The position of U.S. Treasury Secretary is expected to become available in coming weeks as current chief Timothy Geithner has made it clear he plans to leave before the start of the Obama administration's second term. Less clear, however, is who the President will choose to replace him, though news outlets are rounding up lists of likely candidates. 

Prior to the presidential election, Dealbook's Andrew Ross Sorkin declared White House Chief of Staff Jacob Lew "most likely to get the job" in the event of a second-term Obama administration. 

"A former lawyer and career technocrat, he does not have much of a business background," Sorkin wrote, though he noted that Lew was briefly chief operating officer of Citigroup's Alternative Investments unit. "But the president is very comfortable with him, and that can go a long way."

Following the election, other news outlets, including Reuters and CNN, also identified Lew as the frontrunner with Larry Fink, CEO of BlackRock, and Gary Gensler, chairman of the Commodity Futures Trading Commission, as other top contenders. But a (wish) list of less likely candidates has also emerged over the last few days.

Forbes blogger John Wasik makes a convincing case for Sheila Bair, calling the former FDIC chairman "a fearless, intelligent reformer who already knows how banking regulation works — and how it can be simplified and strengthened."

Of course, Bair's recent book "Bull by the Horns" may effectively put her out of the running. As American Banker's Washington Bureau Chief Rob Blackwell notes "it would be hard for Obama to nominate a Secretary who so thoroughly repudiated his past Treasury Secretary."

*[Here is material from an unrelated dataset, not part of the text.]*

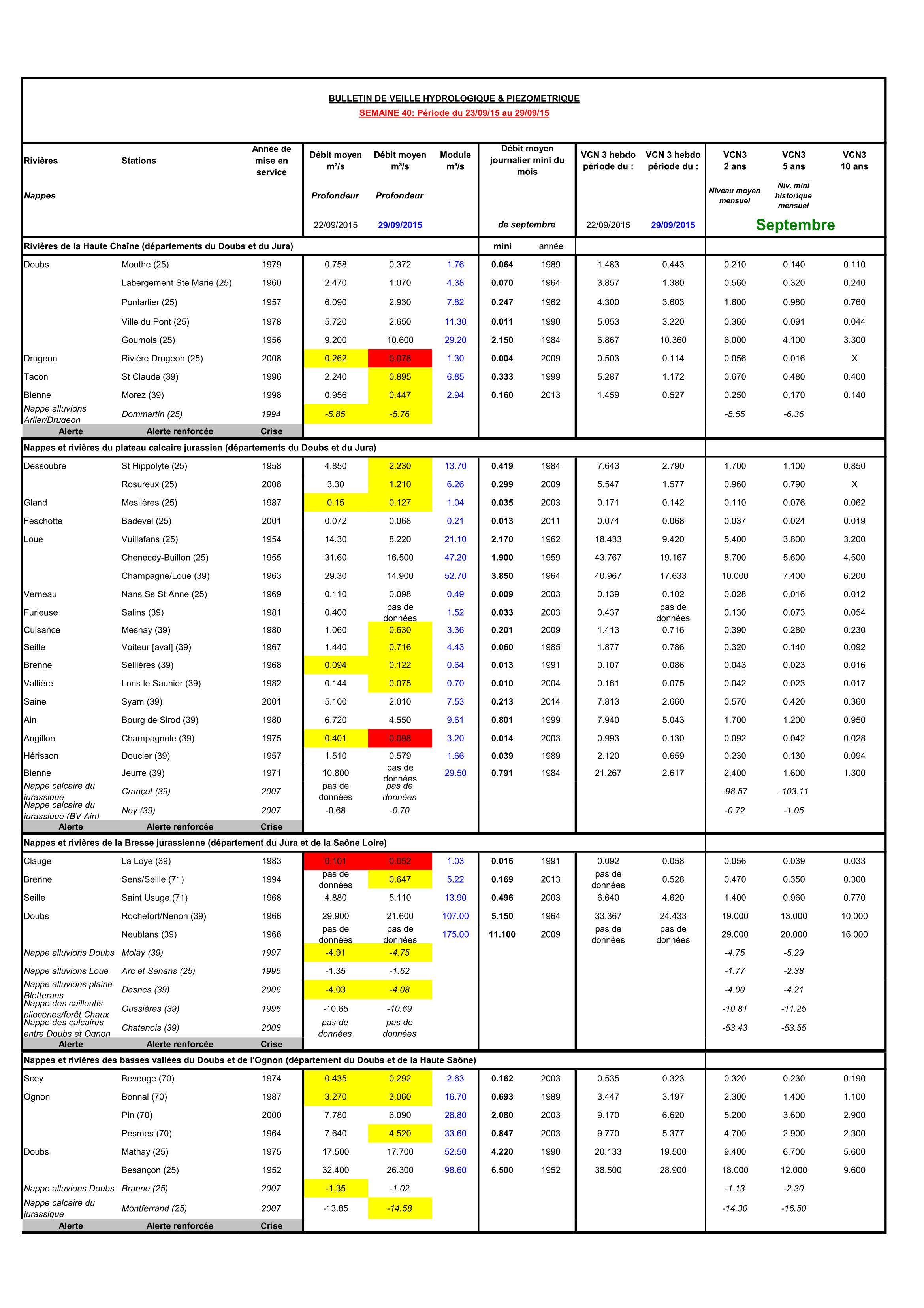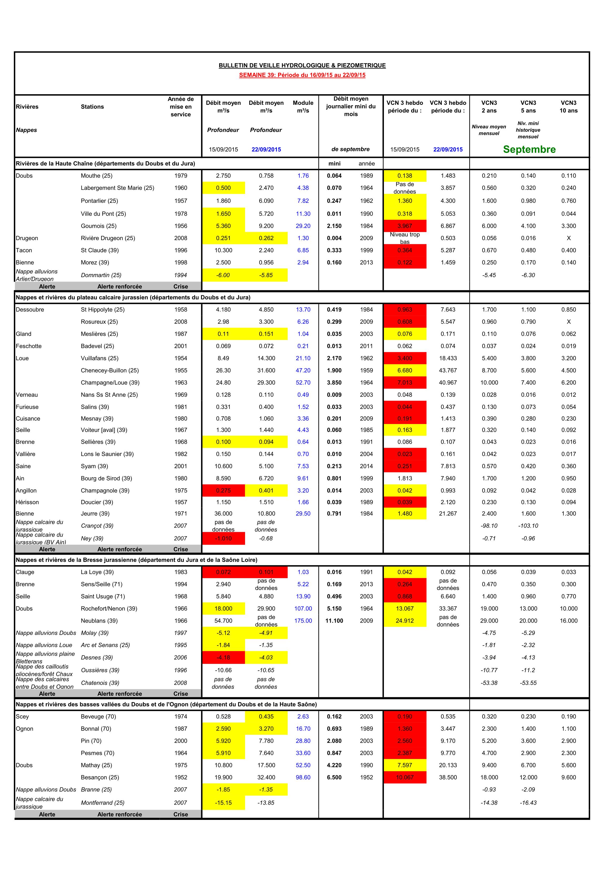 Bulletin Sécheresse semaine 39 - 2015
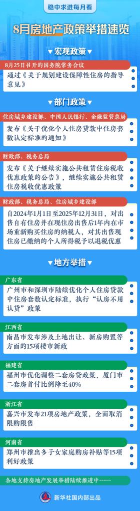 近段時間,相關(guān)部門陸續(xù)釋放地產(chǎn)領(lǐng)域積極政策信號:8月初,中國人民銀行在部署下半年工作時明確提出“繼續(xù)引導(dǎo)個人住房貸款利率和首付比例下行”;近日,住房城鄉(xiāng)建設(shè)部等三部門給出了“認(rèn)房不認(rèn)貸”政策具體實(shí)施標(biāo)準(zhǔn);財(cái)政部還公布了兩項(xiàng)針對房地產(chǎn)市場的稅收優(yōu)惠政策。

Atlantic contributor Ben Heineman Jr. says the Obama administration should "seriously consider" New York Mayor Michael Bloomberg, citing his extensive government experience, highly successful business career and emphasis on financial discipline as clear "pros" for his appointment.

Heineman does go on to acknowledge the clear counterargument for Bloomberg as Treasury Secretary. That is, his "huge personal wealth" presents a problem under current conflict of interest laws and he has "been reputed to play poorly with others."

And the New York Daily News, perhaps vaulting off of President Obama's post-victory promise to have a sit-down with his opponent, suggests Mitt Romney for the position.   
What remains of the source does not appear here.